WHAT YOU WILL DO →
A word-for-word copy of the data is what's wanted, with no pictures.
[ENTRIES SHOWN Boundary: Start]
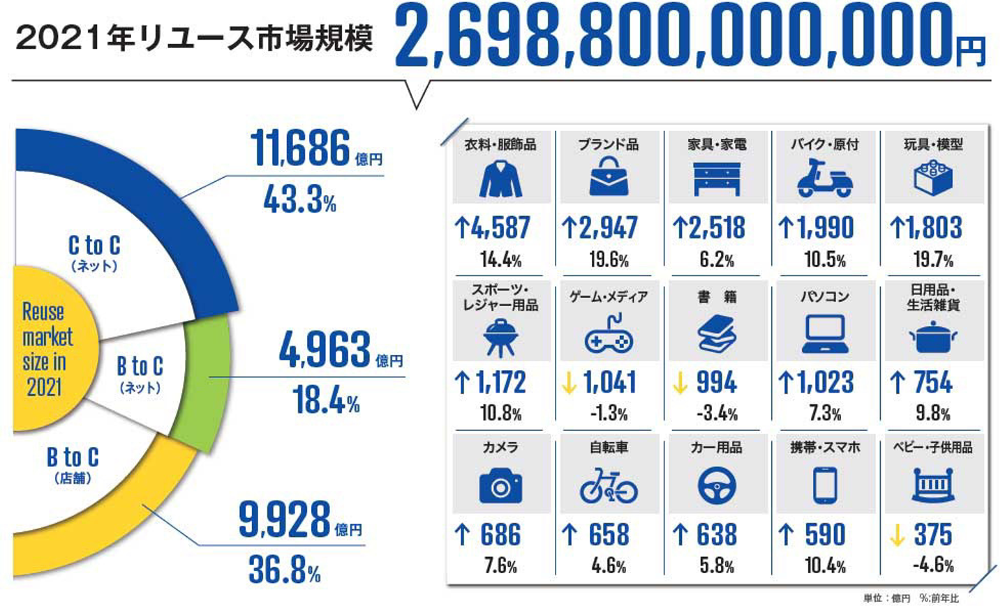 全体の市場規模である2.7兆円を1商品の平均単価が10,000円と推測すると、なんと年間約2億7,000万点のリユース品が売買されていると推測されます。
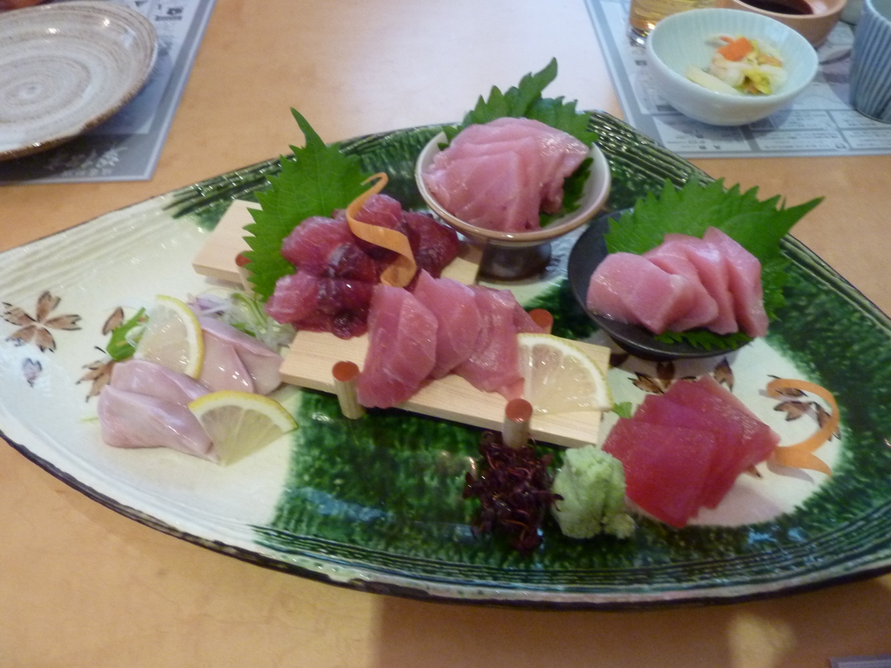 これには、定番の赤身・中トロ・トロの他に、東京ではあんまりお目にかかれないホホ・カブト・白子のお刺身が付きます。
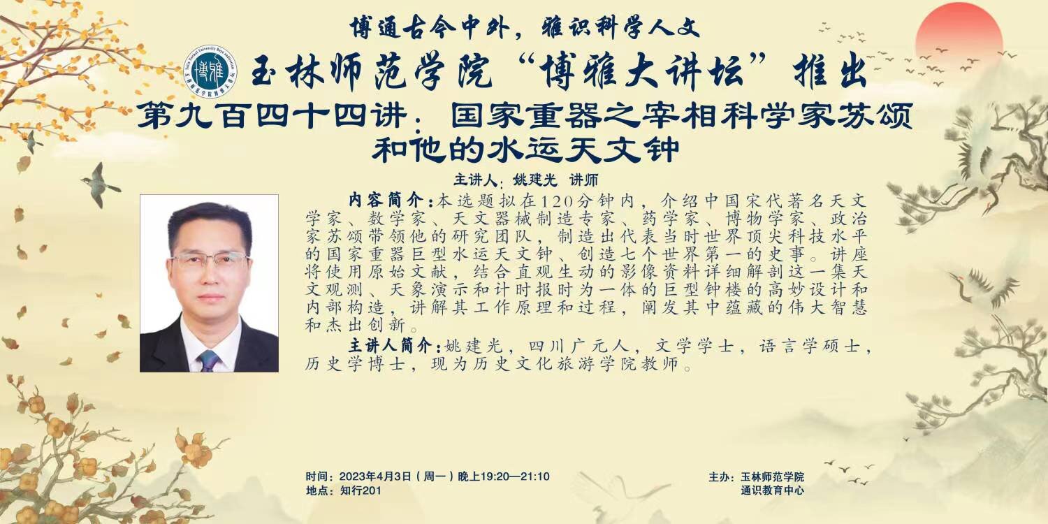 内容简介:本选题拟在120分钟内,介绍中国宋代著名天文学家、数学家、天文器械制造专家、药学家、博物学家、政治家苏颂带领他的研究团队,制造出代表当时世界顶尖科技水平的国家重器巨型水运天文钟、创造七个世界第一的史事。讲座将使用原始文献,结合直观生动的影像资料详细解剖这一集天文观测、天象演示和计时报时为一体的巨型钟楼的高妙设计和内部构造,讲解其工作原理和过程,阐发其中蕴藏的伟大智慧和杰出创新。
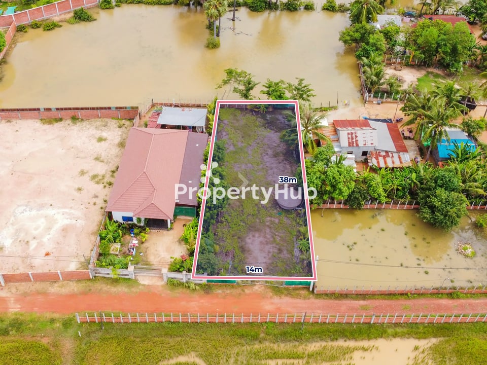 Are you looking to build your dream home or a vacation rental property? Here's a perfect opportunity! This land is for sale in a desirable location near Angkor Golf and Ring Road 1. The property measures 14m x 38m, giving you a total of 531 square meters to design your dream space. Even better, the land already has a gate and is filled, saving you time and money on prep work.
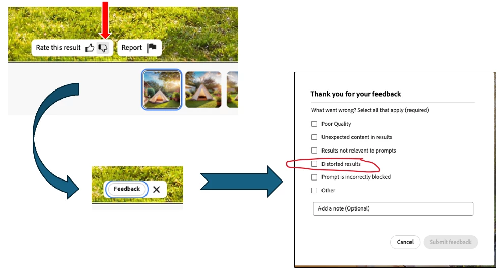 Several people have reported this problem. I have not seen a response from anyone at Adobe yet.  Please thumbs down these images and provide feedback that they are distorted.  Hopefully we will hear soon about this issue.
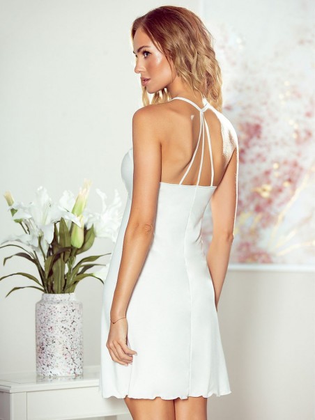 Belle nuisette avec une encolure en dentelle, décorée d'une petite broche avec des zircons. Extrêmement séduisante, féminine et élégante. Dos avec de fines bretelles qui créent un bel effet, cousues sous la poitrine. Tissu souple et élastique de haute qualité. Une des meilleures chemises de nuit de la nouvelle collection de la marque Eldar.
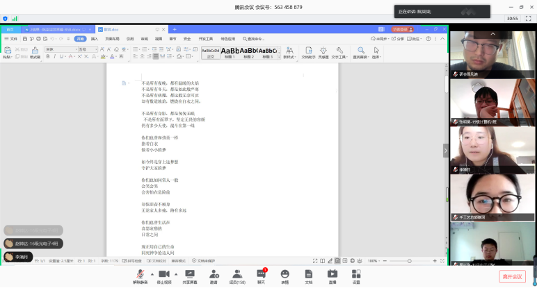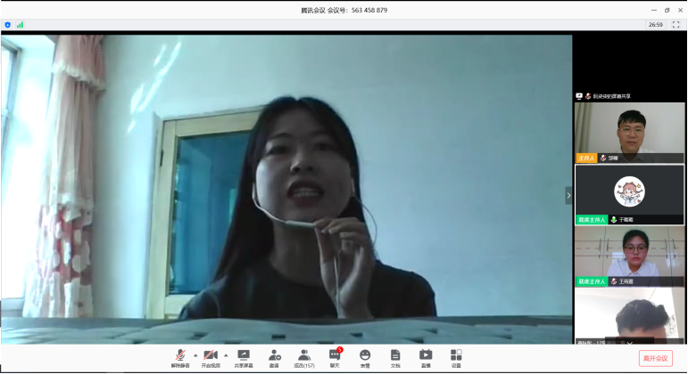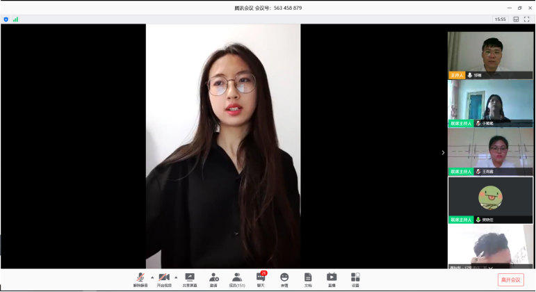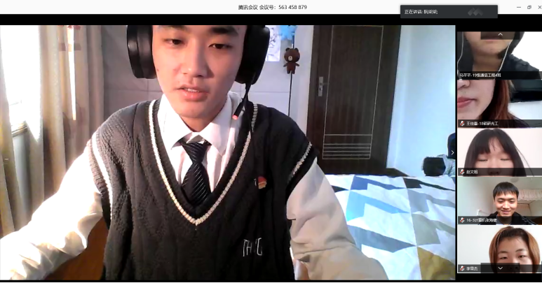 上午九点,“青春在战疫中绽放”主题团课及宣讲会通过腾讯会议直播开讲。
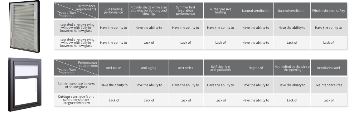 Note: Since the external sunshade roller shutter does not contribute to the heat transfer coefficient of the entire window when retracted, only by using triple-glazed double-cavity insulating glass can the energy-saving performance of doors and windows meet the same standards as that of built-in louvered insulating glass.
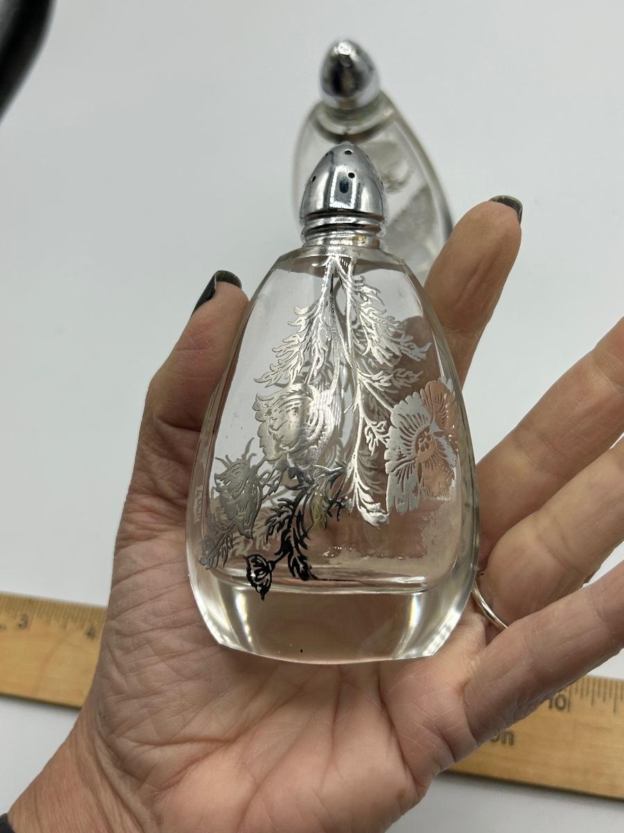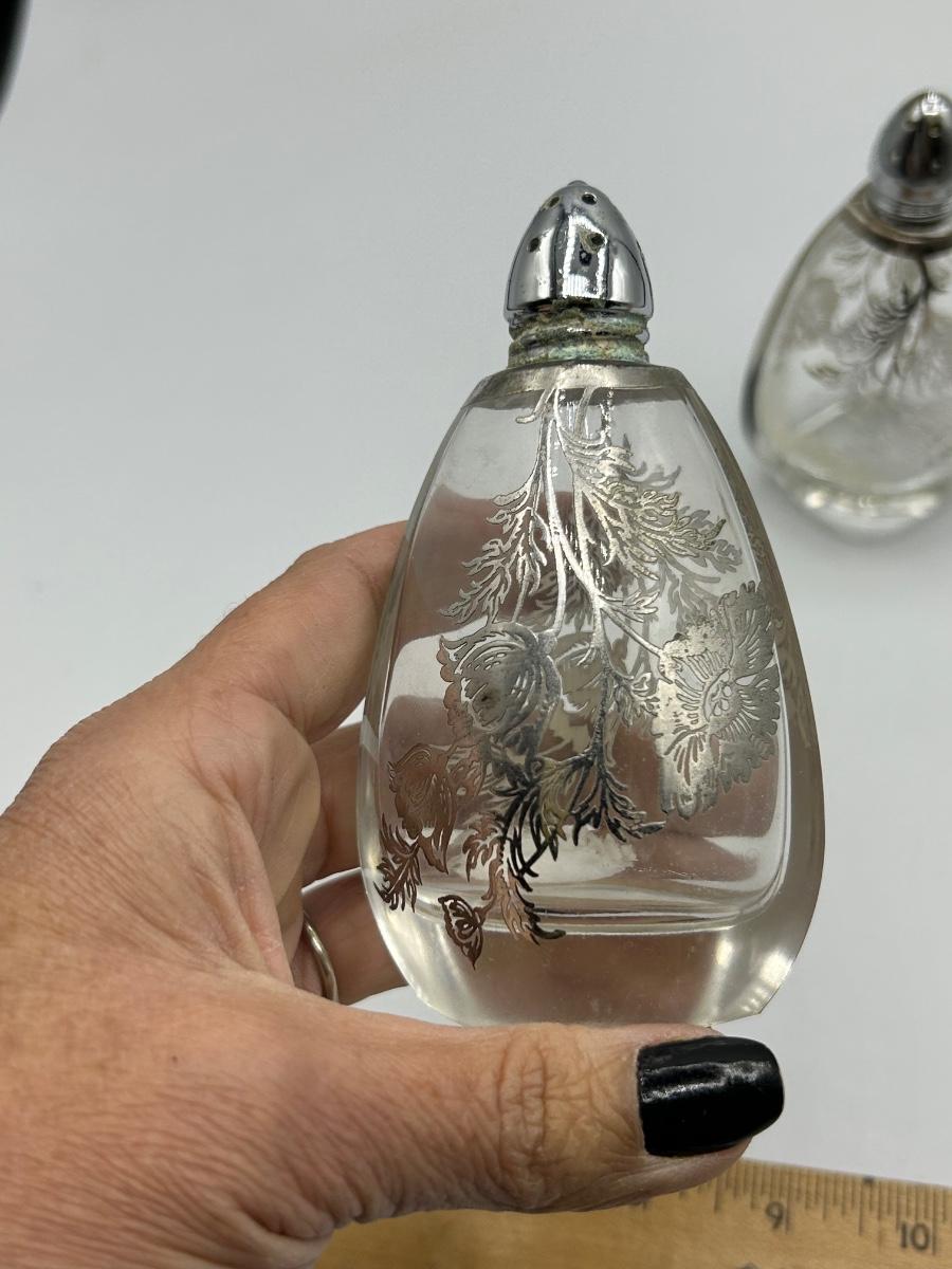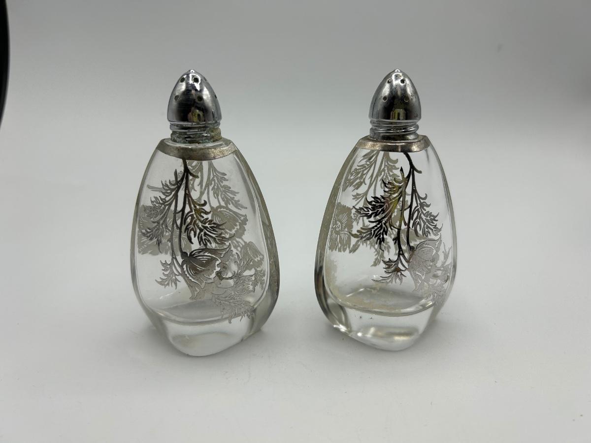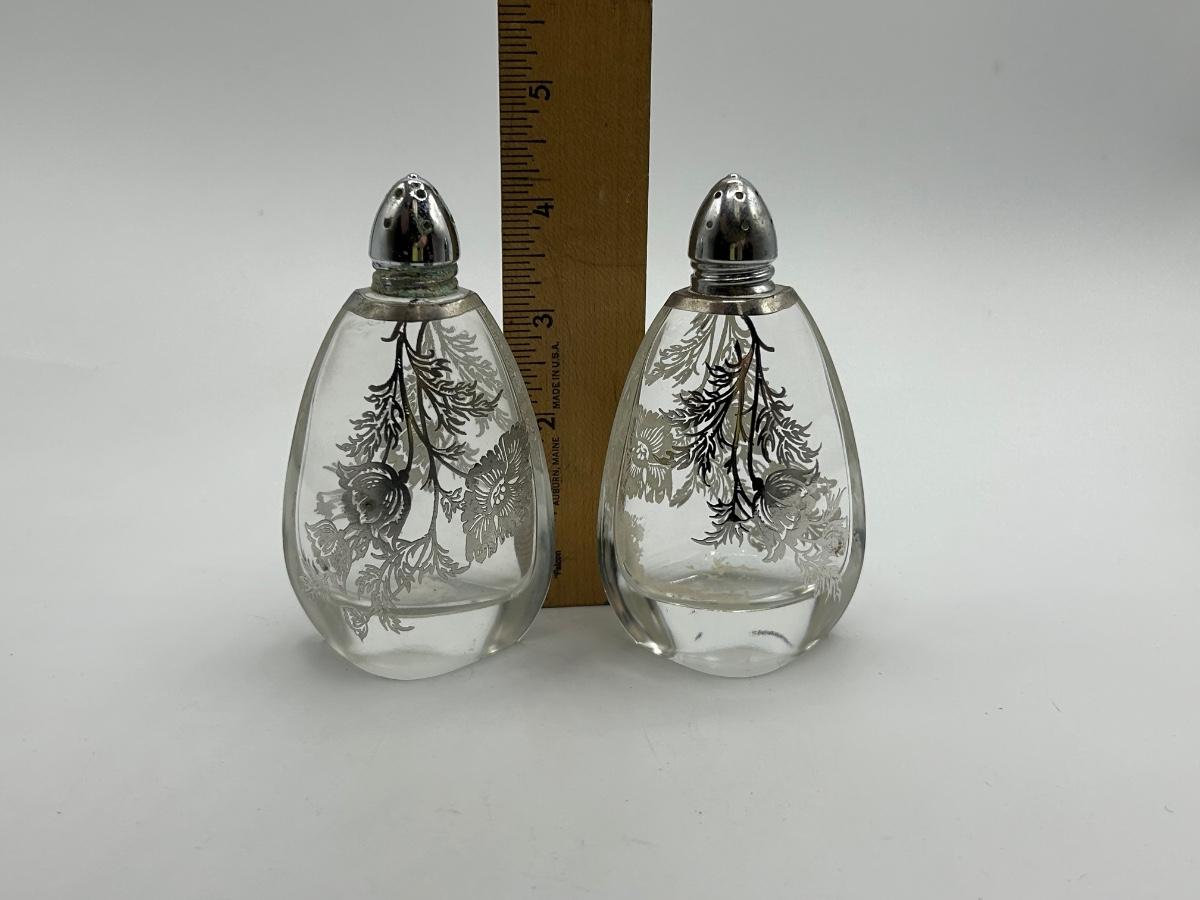Pair of Vintage Silver Over Glass Floral Pattern Salt and Pepper Shakers
[ENTRIES SHOWN Boundary: End]
COMPLETED EXERCISE →
 全体の市場規模である2.7兆円を1商品の平均単価が10,000円と推測すると、なんと年間約2億7,000万点のリユース品が売買されていると推測されます。
 これには、定番の赤身・中トロ・トロの他に、東京ではあんまりお目にかかれないホホ・カブト・白子のお刺身が付きます。
 内容简介:本选题拟在120分钟内,介绍中国宋代著名天文学家、数学家、天文器械制造专家、药学家、博物学家、政治家苏颂带领他的研究团队,制造出代表当时世界顶尖科技水平的国家重器巨型水运天文钟、创造七个世界第一的史事。讲座将使用原始文献,结合直观生动的影像资料详细解剖这一集天文观测、天象演示和计时报时为一体的巨型钟楼的高妙设计和内部构造,讲解其工作原理和过程,阐发其中蕴藏的伟大智慧和杰出创新。
 Are you looking to build your dream home or a vacation rental property? Here's a perfect opportunity! This land is for sale in a desirable location near Angkor Golf and Ring Road 1. The property measures 14m x 38m, giving you a total of 531 square meters to design your dream space. Even better, the land already has a gate and is filled, saving you time and money on prep work.
 Several people have reported this problem. I have not seen a response from anyone at Adobe yet.  Please thumbs down these images and provide feedback that they are distorted.  Hopefully we will hear soon about this issue.
 Belle nuisette avec une encolure en dentelle, décorée d'une petite broche avec des zircons. Extrêmement séduisante, féminine et élégante. Dos avec de fines bretelles qui créent un bel effet, cousues sous la poitrine. Tissu souple et élastique de haute qualité. Une des meilleures chemises de nuit de la nouvelle collection de la marque Eldar.
 上午九点,“青春在战疫中绽放”主题团课及宣讲会通过腾讯会议直播开讲。
 Note: Since the external sunshade roller shutter does not contribute to the heat transfer coefficient of the entire window when retracted, only by using triple-glazed double-cavity insulating glass can the energy-saving performance of doors and windows meet the same standards as that of built-in louvered insulating glass.
Pair of Vintage Silver Over Glass Floral Pattern Salt and Pepper Shakers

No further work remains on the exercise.